◆ Activity
Starting at the line that contains "Kemudian, Dr. Mulyanto, M.E." and stopping after the line that contains "The President, Shri", transcribe the listing below exactly; do not include any pictures.

◆ Exercise input
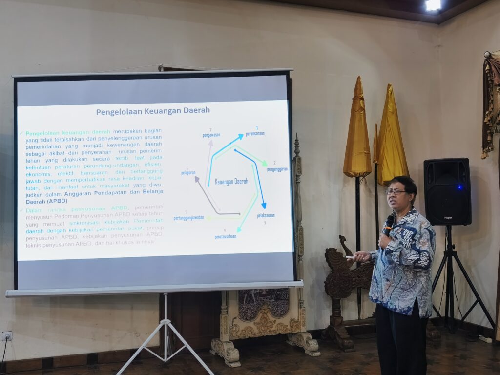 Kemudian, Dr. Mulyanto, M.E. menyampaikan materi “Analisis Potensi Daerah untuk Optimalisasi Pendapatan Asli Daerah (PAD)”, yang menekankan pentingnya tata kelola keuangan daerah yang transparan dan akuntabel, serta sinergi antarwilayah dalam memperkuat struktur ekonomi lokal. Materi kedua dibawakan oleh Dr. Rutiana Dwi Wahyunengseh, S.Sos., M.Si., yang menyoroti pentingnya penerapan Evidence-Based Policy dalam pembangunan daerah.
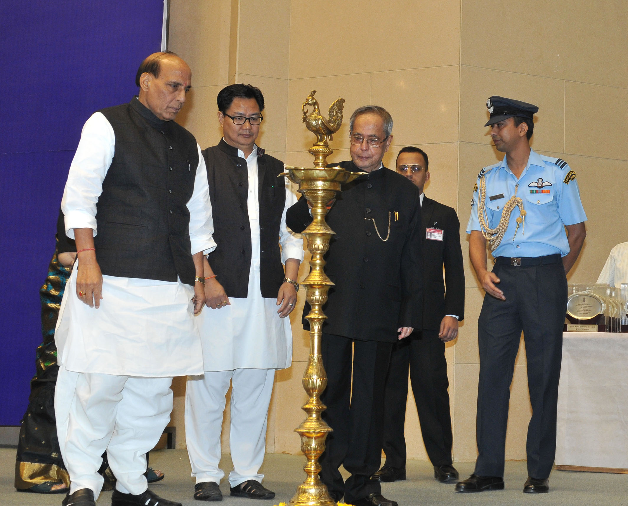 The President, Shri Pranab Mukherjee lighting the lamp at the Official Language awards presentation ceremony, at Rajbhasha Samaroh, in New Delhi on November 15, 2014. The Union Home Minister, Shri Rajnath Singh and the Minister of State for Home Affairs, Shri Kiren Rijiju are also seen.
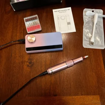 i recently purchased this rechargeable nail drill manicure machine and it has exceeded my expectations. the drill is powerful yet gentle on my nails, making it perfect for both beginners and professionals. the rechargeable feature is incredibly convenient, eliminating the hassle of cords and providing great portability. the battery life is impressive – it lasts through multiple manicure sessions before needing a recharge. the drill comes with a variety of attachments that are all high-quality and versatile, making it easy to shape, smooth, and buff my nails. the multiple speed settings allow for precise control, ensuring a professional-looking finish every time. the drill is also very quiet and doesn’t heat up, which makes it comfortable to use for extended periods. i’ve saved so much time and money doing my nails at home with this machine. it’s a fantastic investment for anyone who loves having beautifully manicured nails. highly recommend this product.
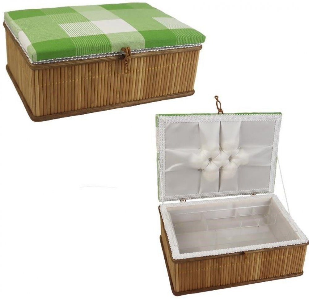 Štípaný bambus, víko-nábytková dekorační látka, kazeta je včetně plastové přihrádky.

---

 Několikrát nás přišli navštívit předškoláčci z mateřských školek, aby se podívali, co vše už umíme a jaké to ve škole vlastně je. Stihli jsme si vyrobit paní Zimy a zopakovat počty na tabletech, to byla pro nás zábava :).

==

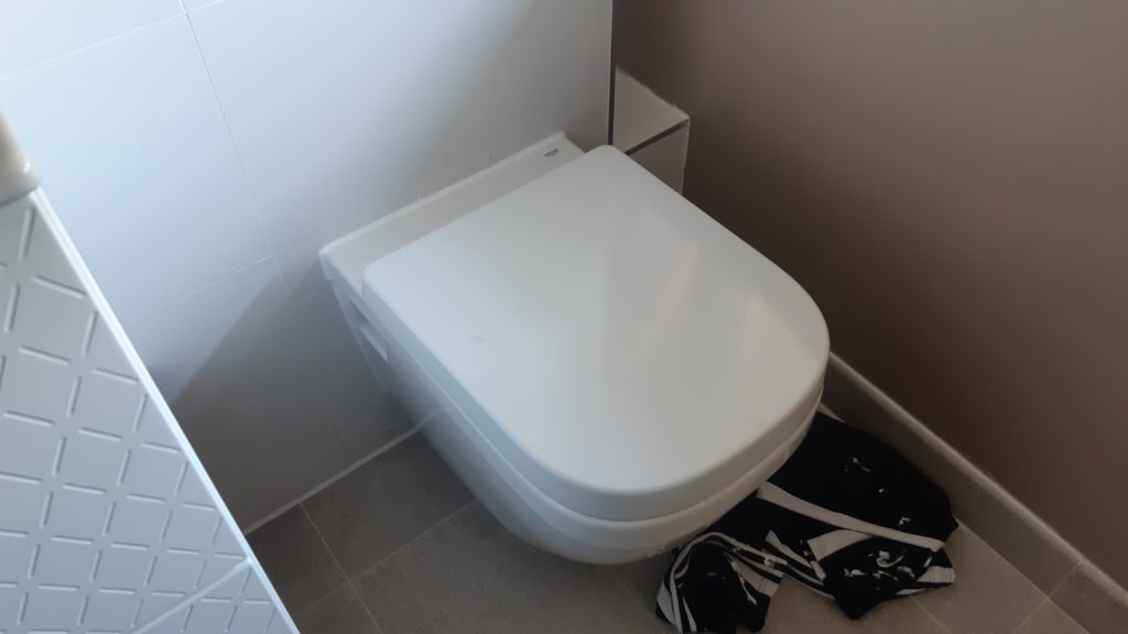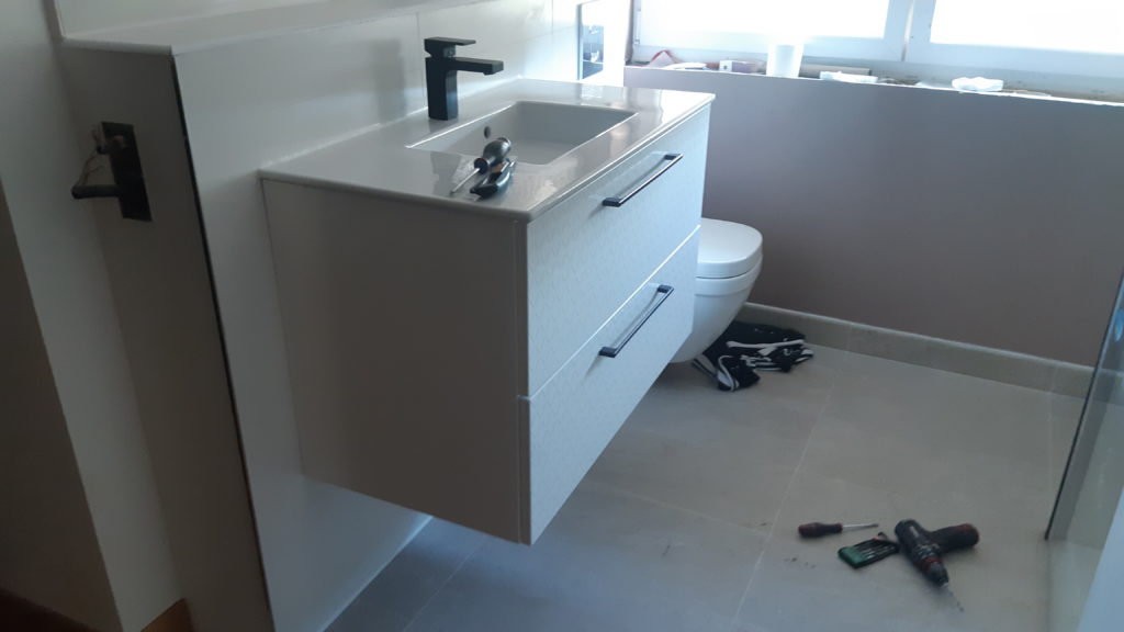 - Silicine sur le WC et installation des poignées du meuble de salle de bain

◆ Result of this task
 Kemudian, Dr. Mulyanto, M.E. menyampaikan materi “Analisis Potensi Daerah untuk Optimalisasi Pendapatan Asli Daerah (PAD)”, yang menekankan pentingnya tata kelola keuangan daerah yang transparan dan akuntabel, serta sinergi antarwilayah dalam memperkuat struktur ekonomi lokal. Materi kedua dibawakan oleh Dr. Rutiana Dwi Wahyunengseh, S.Sos., M.Si., yang menyoroti pentingnya penerapan Evidence-Based Policy dalam pembangunan daerah.
 The President, Shri Pranab Mukherjee lighting the lamp at the Official Language awards presentation ceremony, at Rajbhasha Samaroh, in New Delhi on November 15, 2014. The Union Home Minister, Shri Rajnath Singh and the Minister of State for Home Affairs, Shri Kiren Rijiju are also seen.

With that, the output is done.